Comme piliers, deux préceptes latins : “Mens sana in corpore sano” et “Utile dulci” : si on joint l’utile à l’agréable, la leçon se retient mieux (ex. le jeu de cartes à finalité mathématique).

Les ouvrages rabelaisiens précités sont enrobés dans des récits plaisants où le gigantisme et la bouffonnerie constituent l’enveloppe… mais comme il l’écrit : “L’habit ne fait point le moine.” Il faut dépasser la forme pour s’attacher au contenu.

A côté de ses leçons pédagogiques, Rabelais ne se prive pas de railler la justice, la Sorbonne et le bas-clergé.

Après un silence de 12 ans, il publie le Tiers Livre, opus dans lequel Panurge, compagnon de Pantagruel, consulte 16 spécialistes pour savoir s’il doit ou non se marier, car le risque d’être cocu semble réel dans le mariage.

Si l’on veut bien se laisser porter par le ton et le rythme de son oeuvre, Rabelais apparaît comme un promoteur de la joie de vivre, laquelle se décline en 4 mots : rire, boire, manger…et desbraguetter. Ce sera l’occasion pour Rabelais de faire exploser sa créativité : des rythmes de phrase très puissants et un vocabulaire richissime.

Ses personnages respirent la Gourmandise : Grandgousier et Gargantua (“car grand tu as”… le gosier) et ses cuisiniers sont affublés de jolis noms : “Saulpicquet”, “Paimperdu”, “Carbonnade” et “Hoschepot”.  Notre époque s’en sert encore !

François Rabelais © causeur.fr

Il convient enfin de souligner avec force cette vérité : Rabelais est le plus grand créateur de mots de notre langue française.

Il a popularisé des expressions toujours en vogue… après 5 siècles : “tirait les vers du nez”, “qui trop embrasse peu estrainct”, “saultoyt du coq a l’asne”. Dans le seul Pantagruel, on recense pas moins de 800 néologismes, entièrement imaginés par Rabelais. C’est à lui que l’on doit des mots comme écrabouiller, excrément, frugal, imposteur, intempéries et quinconce. Et quand il soigne les blessés dans son grand nosocome, on comprend mieux l’adjectif dérivé de ce substantif.

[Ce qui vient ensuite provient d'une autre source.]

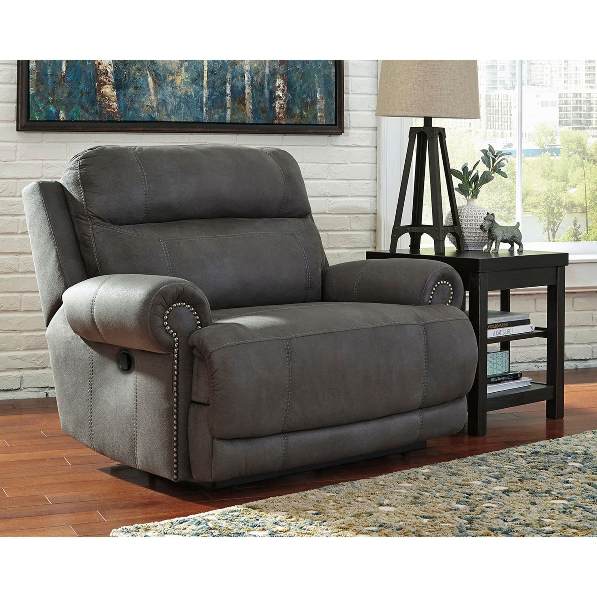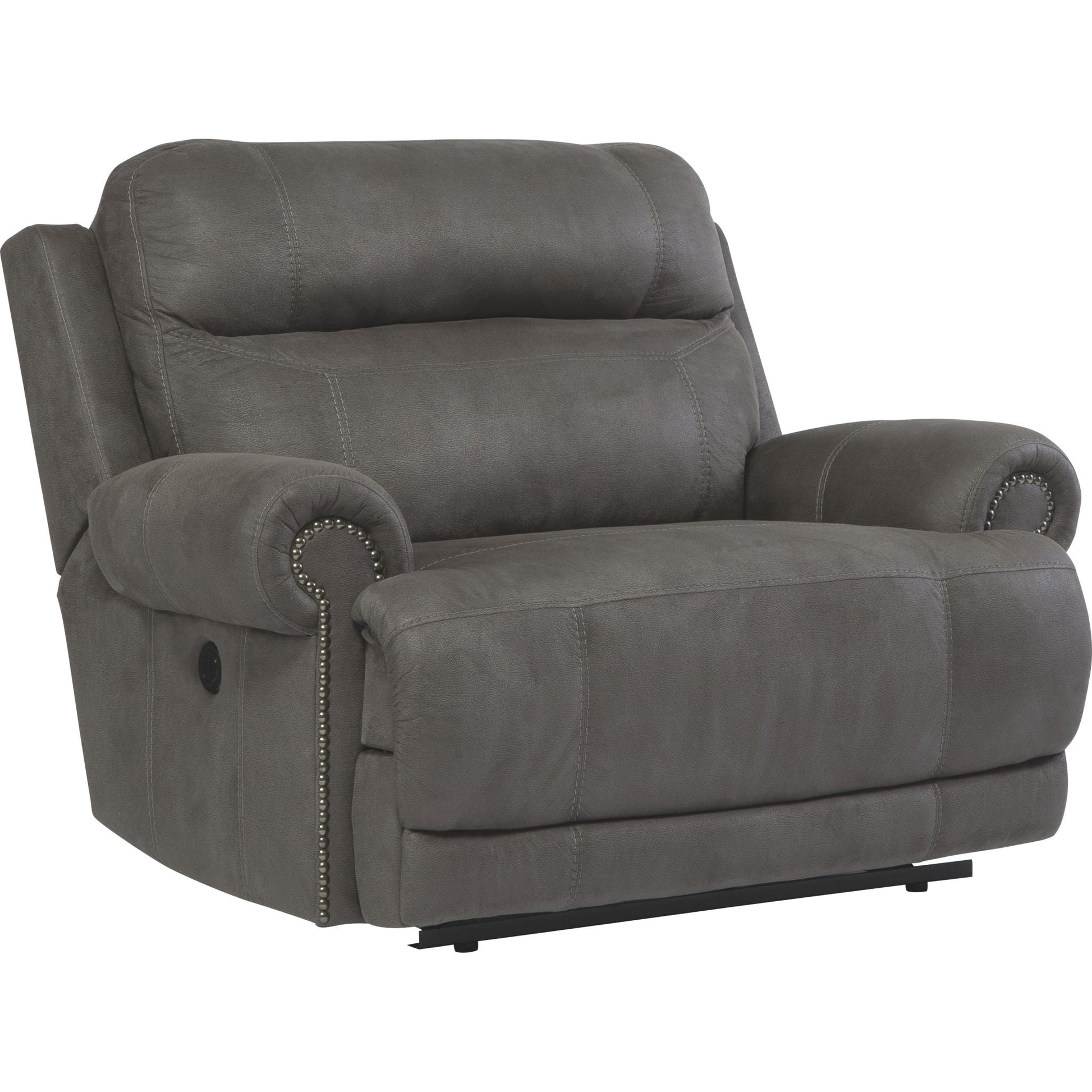 Tout en minimisant l'encombrement et en évitant l'aspect « gonflé » que l'on pourrait attendre d'un fauteuil inclinable, ce fauteuil inclinable sans cloison ne lésine pas sur le style contemporain. Des touches subtiles, comme des surpiqûres géantes sportives, une bordure cloutée et un effet « vieilli » sur le revêtement, confèrent à ce beau meuble un charme soigné et une sensation de fraîcheur.

Il a aussi parlé de “la sepmaine des troys jeudis”, des “calendes grecques” et de “l’année des couilles molles”. En façonnant ce curieux “calendrier”, il a pu observer qu’il ne fallait pas confondre une femme “folle à la messe”… avec une femme “molle à la fesse”. L’inventeur de la contrepèterie, c’est encore lui, le père François !

Jean KOKELBERG

  • illustration en tête de l’article : Pantagruel par Gustrave Doré © BnF.

La CHICC ou Commission Historique et Culturelle de Cointe (Liège, BE) et wallonica.org sont partenaires. Ce texte de Jean KOKELBERG  a fait l’objet d’une conférence organisée en septembre 2022 par la CHiCC : le voici diffusé dans nos pages. Pour les dates des autres conférences, voyez notre agenda en ligne

Plus de CHiCC ?

LABE : Baise m’encor (Sonnets, 1555)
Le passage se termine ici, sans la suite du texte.